Language Through a Prism: A Spectral Approach for Multiscale Language Representations

Authors: Alex Tamkin, Dan Jurafsky, Noah Goodman

NeurIPS 2020 | Conference PDF | Archive PDF | Plain Text | LLM Run Details

Reproducibility Variable Result LLM Response
Research Type Experimental We show that signal processing provides a natural framework for separating structure across scales, enabling us to 1) disentangle scale-specific information in existing embeddings and 2) train models to learn more about particular scales. Concretely, we apply spectral filters to the activations of a neuron across an input, producing filtered embeddings that perform well on part of speech tagging (word-level), dialog speech acts classification (utterance-level), or topic classification (document-level), while performing poorly on the other tasks.
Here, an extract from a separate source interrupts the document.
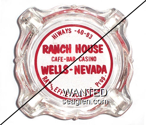 WWC-B3 Wagon Wheel Motel-Casino 4 1/4" Clear Glass Ashtray "Wagon Wheel, Wells Nevada, Gaming Lounge Cafe, Motel Hotel" - Red on white |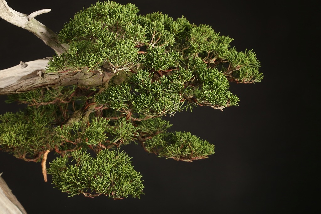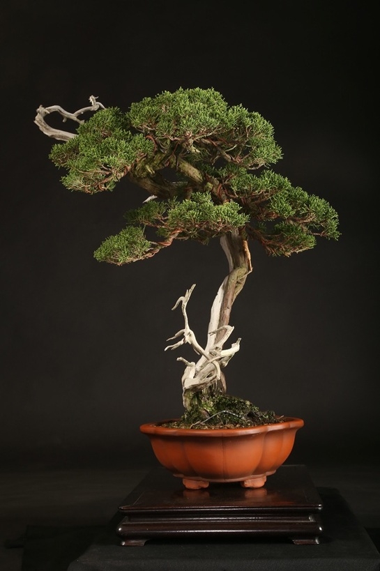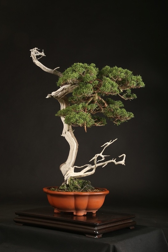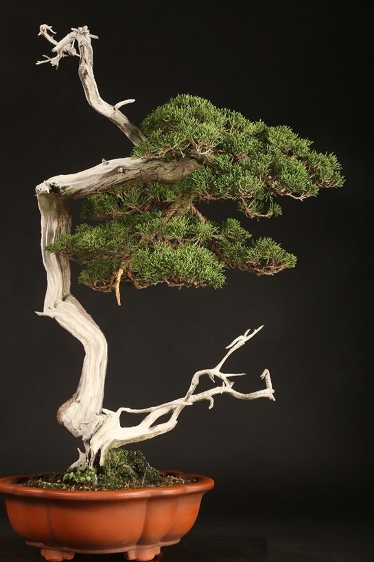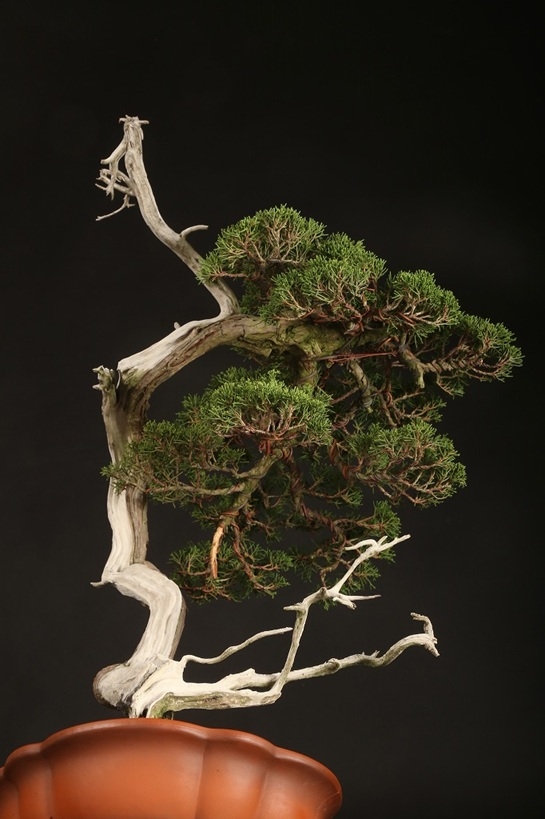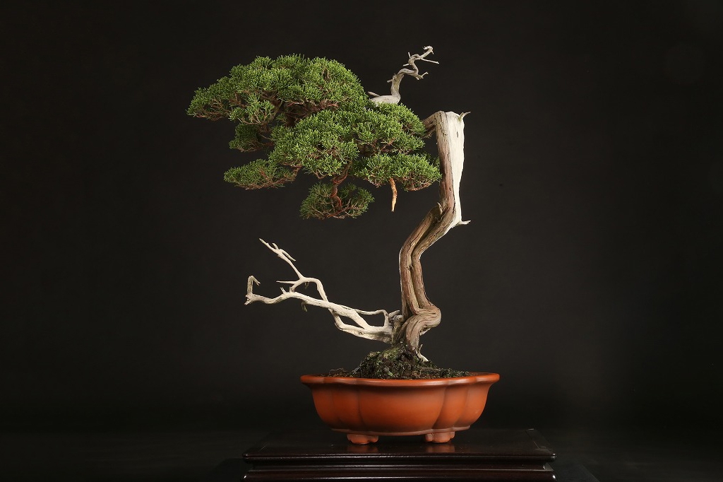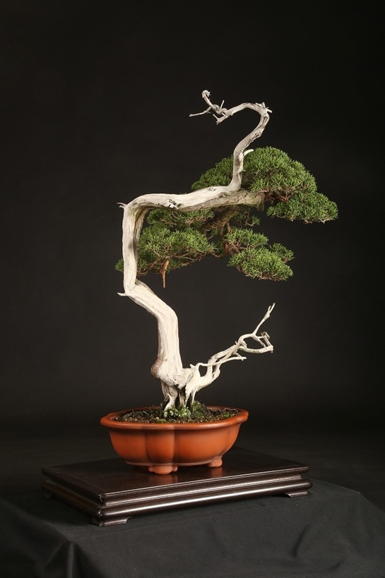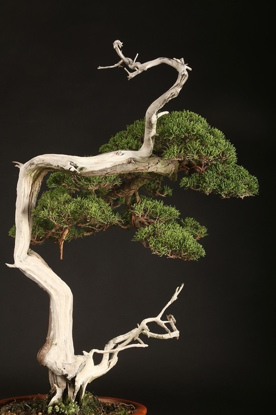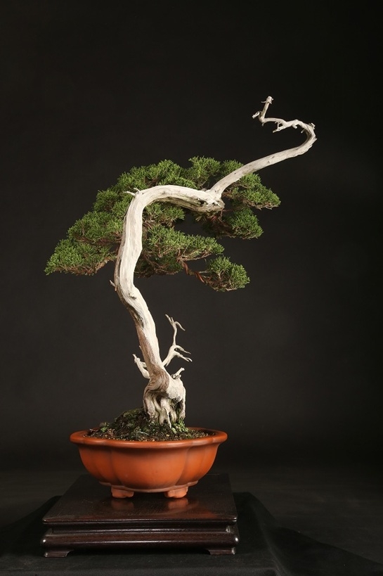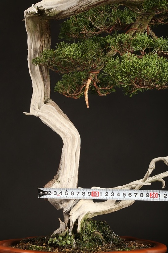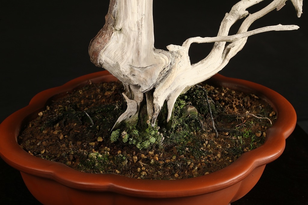 空間の美を持ち、舎利となった子幹と天部、ある意味モダンなデザイン的盆栽と言える作品です。斬新な鉢合わせをする事で、次元の異なる価値観が生まれる可能性高い一樹です。

We evaluate the content of these filtered representations through probing experiments [39, 40, 41]. For each dataset below, we encode each training example with a fixed, pretrained BERT-Base cased model [26]. We then apply a spectral filter along each dimension and train a softmax classifier to perform a particular task using each filtered representation.
Researcher Affiliation Academia Alex Tamkin Stanford University Dan Jurafsky Stanford University Noah Goodman Stanford University
Pseudocode Yes Figure 3: (b) Spectral filters are simple to incorporate into existing models. Python-style code for a low-pass filter over representations.
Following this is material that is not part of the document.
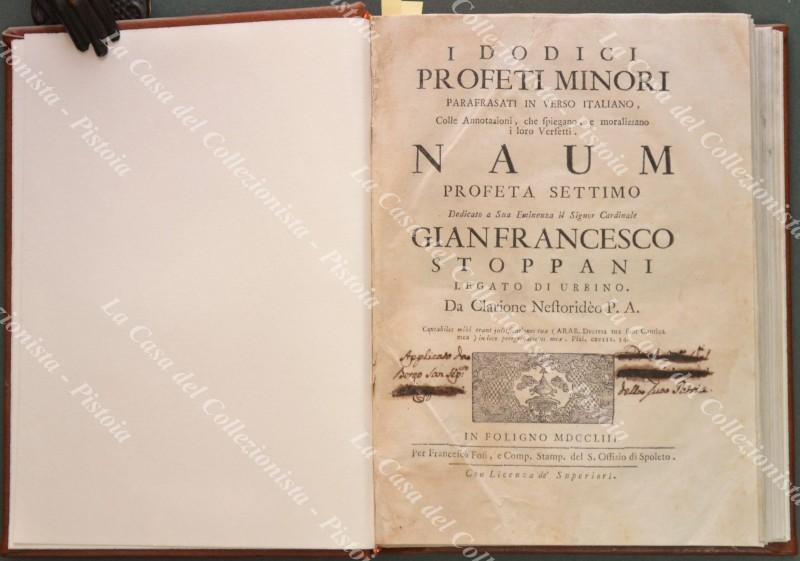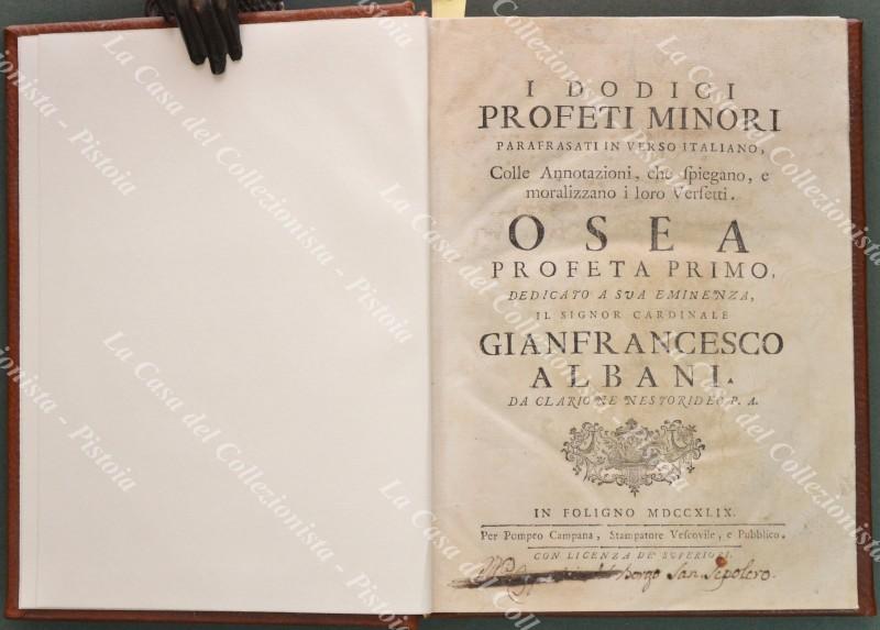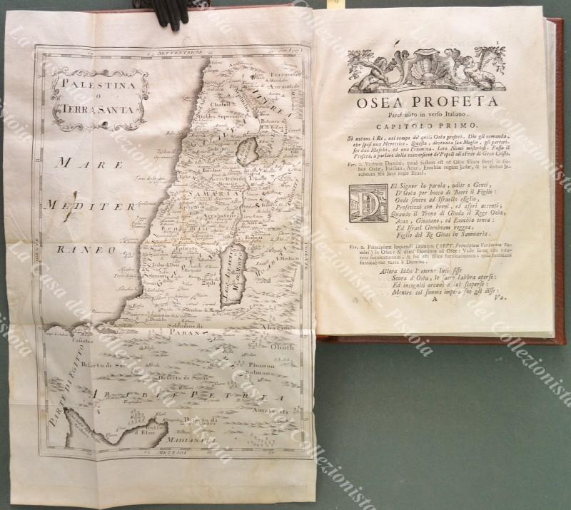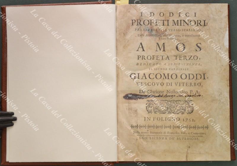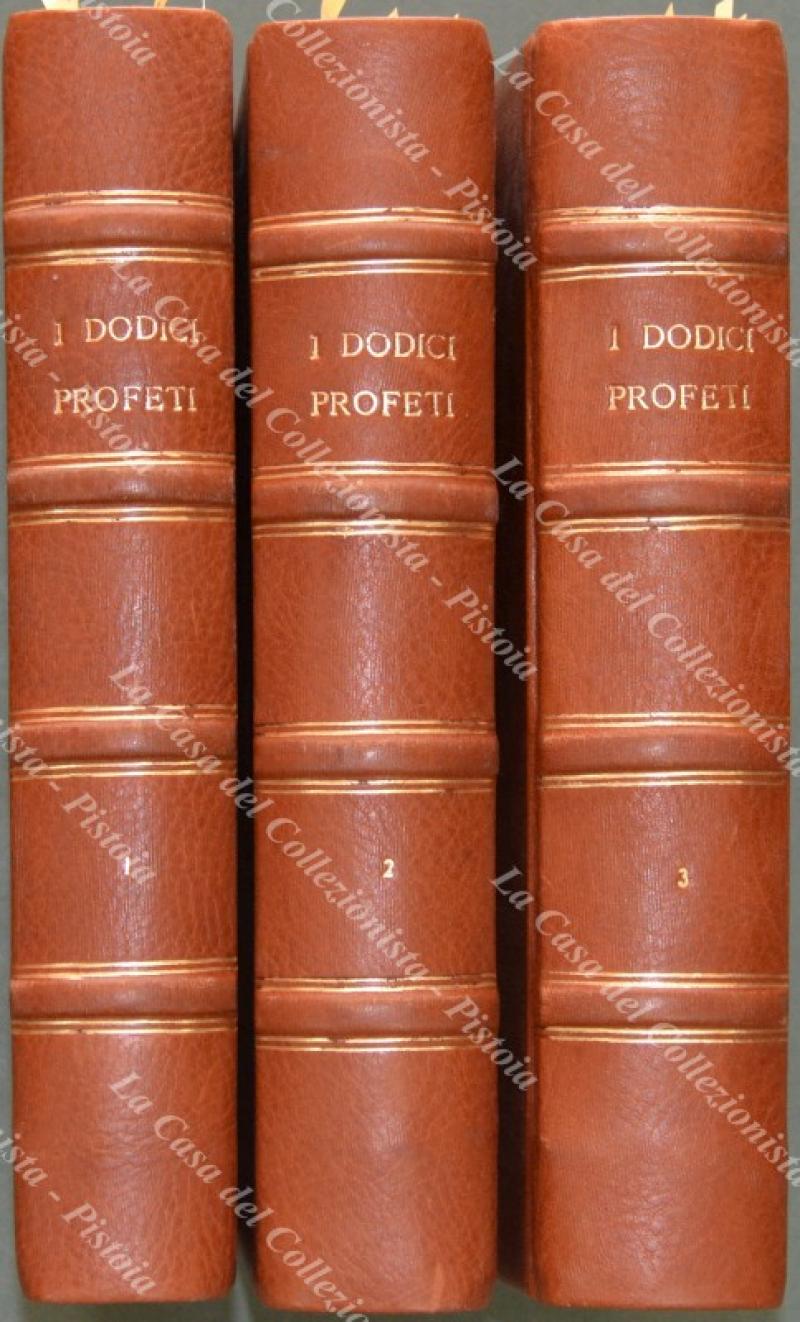 (Religione - ediz. ‘700) VINCENZO DA SANT’ERACLITO. I DODICI PROFETI MINORI PARAFRASATI IN VERSO ITALIANO, Colle Annotazioni, che spiegano, e moralizzano i loro Versetti. Foligno, Pompeo Campana, 1749-1754. Tre tomi con belle legature recenti in piena pelle con nervi e titolo in oro ai dorsi e piatti anteriori inquadrati da bella cornice dorata lavorata a piccoli ferri, cm 17x23,5. Contengono 12 volumi: 1) OSEA. Pagine XCVI + 205 + (3) con due carte geografiche ripieg. fuori testo. 2) GIOELE. Pagine XXVIII + 56. 3) AMOS. Pagine XVI + 180. 4) ABDIA. Pagine 36. 5) GIONA. Pagine XVI + 58. 6) MICHEA. Pagine XVI + 116. 7) NAUM. Pagine XVI + 52. 8) ABACUCCO. Pagine X + 54. 9) SOFONIA. Pagine VI + 48. 10) AGGEO. Pagine XII + 36. 11) Zaccheria. Pagine XII + 224. 12) MALACHIA. Pagine XVI + 72. Legature belle e ottimamente conservate. Interni con alcuni difetti: antiche forme d’appartenenza ai frontespizi con alcuni riforzi a retro causa ossidazione dell’inchiostro. Qualche brunitura o ingiallimento. Pagine in parte lievemente deformate. Frontespizio del vol. terzo sporco e con riparazioni laterali. Ultime tre carte del dodicesimo volume con macchie e restauri con minimo fastidio al testo. Altre piccole imperfezioni. Opera completa. Esemplare, nonostante le mende, in condizioni accettabili. (Rif.F0568-74)
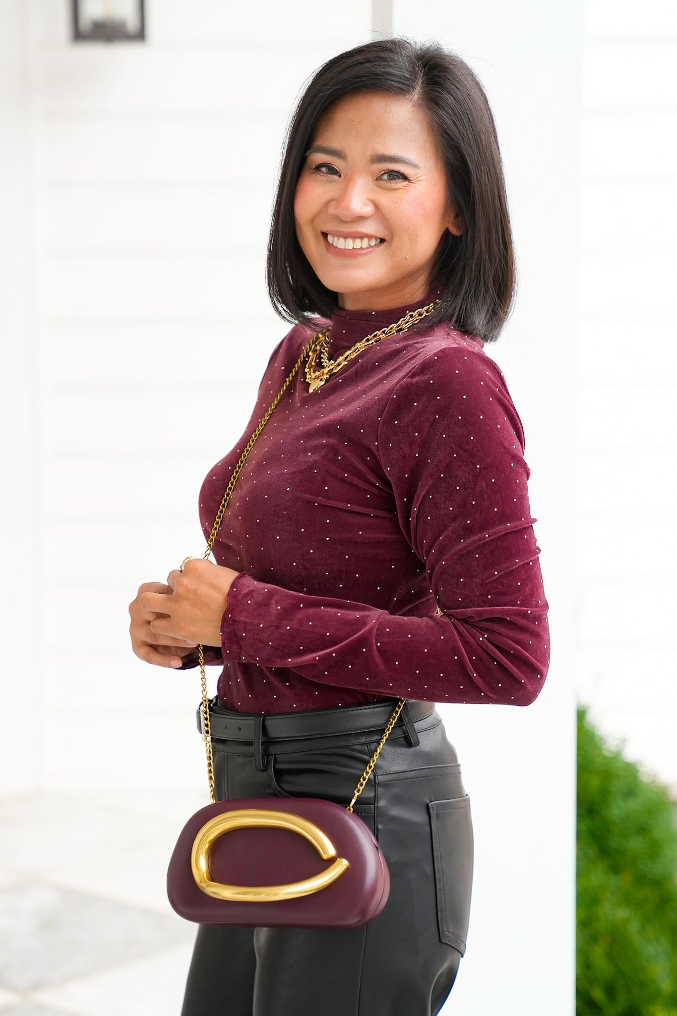 This chic evening bag brings a sophisticated touch to any look with its sculptural metal handle and smooth faux-leather body that feels high-end and modern. The compact size makes it ideal for date nights, weddings, and parties while the chain strap lets you switch between handheld or crossbody moments. Pair it with dresses, tailored sets, or satin pieces for a polished finish.

Open Source Code No The paper references an external PyTorch library: "https://github.com/zh217/torch-dct" (footnote 8). However, it does not state that the authors' own implementation code for the methodology described in the paper is open-source or provide a link to it.
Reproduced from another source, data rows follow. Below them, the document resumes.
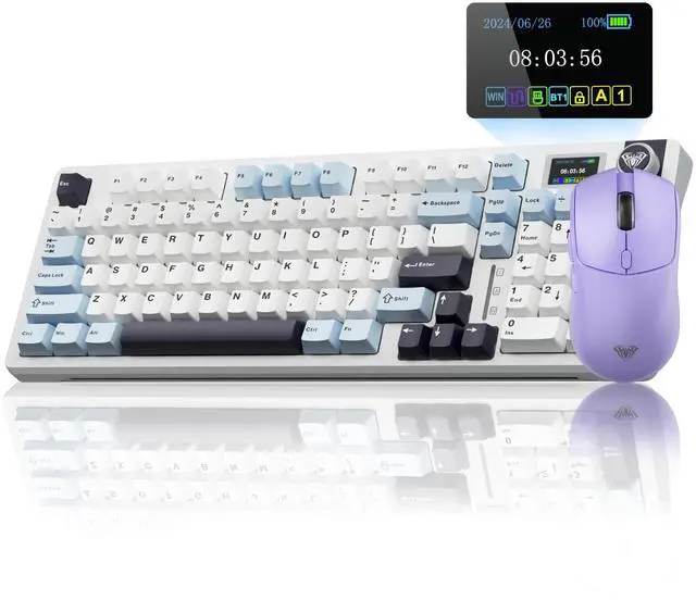Wireless Keyboard and Mouse Combo, AULA S98 Pro Wireless Mechanical Keyboard with Screen & Knob, Tri-Mode Hot Swappable Creamy Keyboard+SC580 Wireless Gaming Mouse Light purple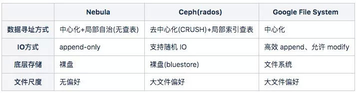 基于以上目标,我们将底层存储系统 Nebula 设计为基于 append-only 的存储系(immutable storage)。面向追加写的方式使得存储逻辑会更简单,在多副本数据的同步上可以有效降低数据一致性的容错复杂度。更关键的是,由于追加写本质上是一个 log-based 的记录方式,整个 IO 的历史记录都被保存,在此之上实现数据快照和数据回滚会很方便,在出现数据故障时,更容易做数据恢复操作。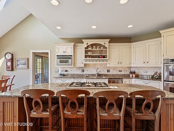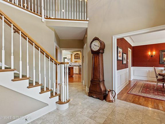 Warmth and elegance abound throughout nearly 6500 SF of living space in this custom home in the desirable Tradition neighborhood. The 2 story foyer makes a lasting first impression with an abundance of millwork, custom tile and hardwood flooring. The inviting library is to your left with paneled walls, fireplace and a double sets of french doors. The spacious dining room is to your right and leads through to the butlers pantry and kitchen for ease of entertaining! The expansive kitchen features granite, a large island with breakfast bar, stainless steel appliances, and an eat in area with vaulted ceiling and sky lights. The kitchen is open to the gracious family room featuring vaulted ceilings, a 2 story stone fireplace flanked by double sets of french doors that open to the deck and patio. A FIRST FLOOR MASTER BEDROOM with vaulted ceiling, hardwood flooring and doors leading to the deck and patio, his and hers walk in closets and gorgeous en suite bath! Off the kitchen is a large screened in porch, mud room, and the laundry room with plenty of cabinets, counter space and sink. Upstairs is a very large bonus room, a big loft area and 3 more bedrooms, 1 with ensuite bath, the other 2 with a jack'n jill bath. The finished lower level is really special with the repeat of upstairs millwork, and spacious tv area, large bar with with wine fridge, full size refrigerator, beer tap with keg fridge and dishwasher. The lower level also has a 5th bedroom and full bath. You will find plenty of space in the storage room as well! Outside is the real treat on this quiet street where you will find plenty of privacy backing to a conservation easement. Freshly painted exterior, refurbished cedar shingles with 5 year warranty, and new AC add to this impeccably cared for home. Minutes to St. Charles North High School, bike trails, and riverfront!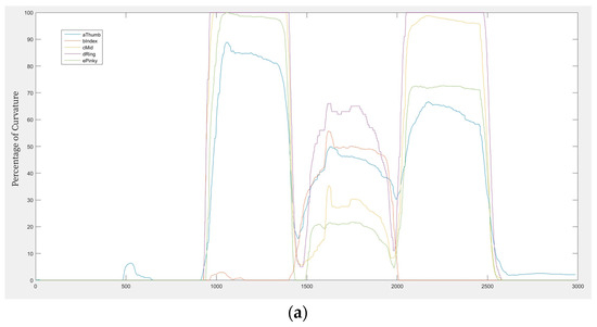 Systems demanding significant computational capacity require more advanced processing devices and a longer processing time in order to recognize signs. Signers can now convey gestures through gadgets and processes because sensors can recognize hand motion. The finger curvature sensor measurement range is specified as −30° to 180°, with the sensor’s sampling rate for each finger taken as 200 Hz and that for IMU as 1000 Hz.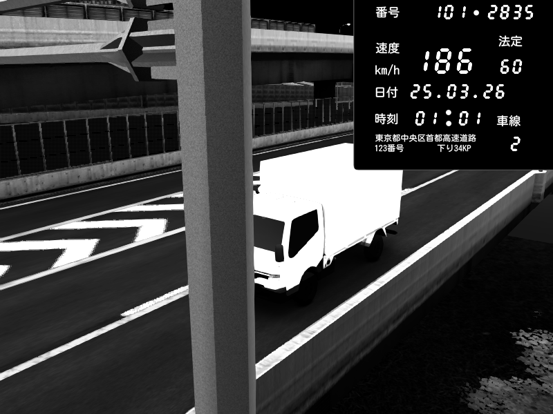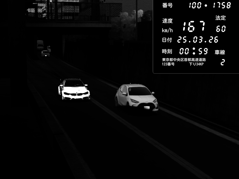 | 2026/03/25 00:59 | C1内回り 京橋 | 167 / 60 km/h | BMW M4 crash.Sp Varis Widebody | CAPTURE |

Open Datasets Yes We use the Penn Treebank dataset [42]. We use the Switchboard Dialog Speech Acts corpus [43, 44, 45]. We use the 20 Newsgroups dataset [46]. We train on the Wiki Text-103 dataset [48] for 50k steps at a batch size of 8 with default parameters for Adam.
Dataset Splits No The paper mentions using a validation set for early stopping: "We use early stopping with a patience of one, decaying the learning rate by a factor of 2 when successive epochs do not produce a decrease in validation loss." However, it does not provide specific details about the size or percentage of this validation split for any of the datasets used.
Hardware Specification No The paper does not provide any specific details about the hardware used to run the experiments, such as GPU models, CPU types, or cloud computing instance specifications.
Software Dependencies No The paper mentions using "an external Py Torch library for computing and backpropagating through the DCT and IDCT" (footnote 8, referencing https://github.com/zh217/torch-dct). However, it does not specify version numbers for PyTorch or any other key software components used in the experiments.
Experiment Setup Yes We train our probing models for a maximum of 30 epochs, using the Adam optimizer [47] with default parameters. We train on the Wiki Text-103 dataset [48] for 50k steps at a batch size of 8 with default parameters for Adam.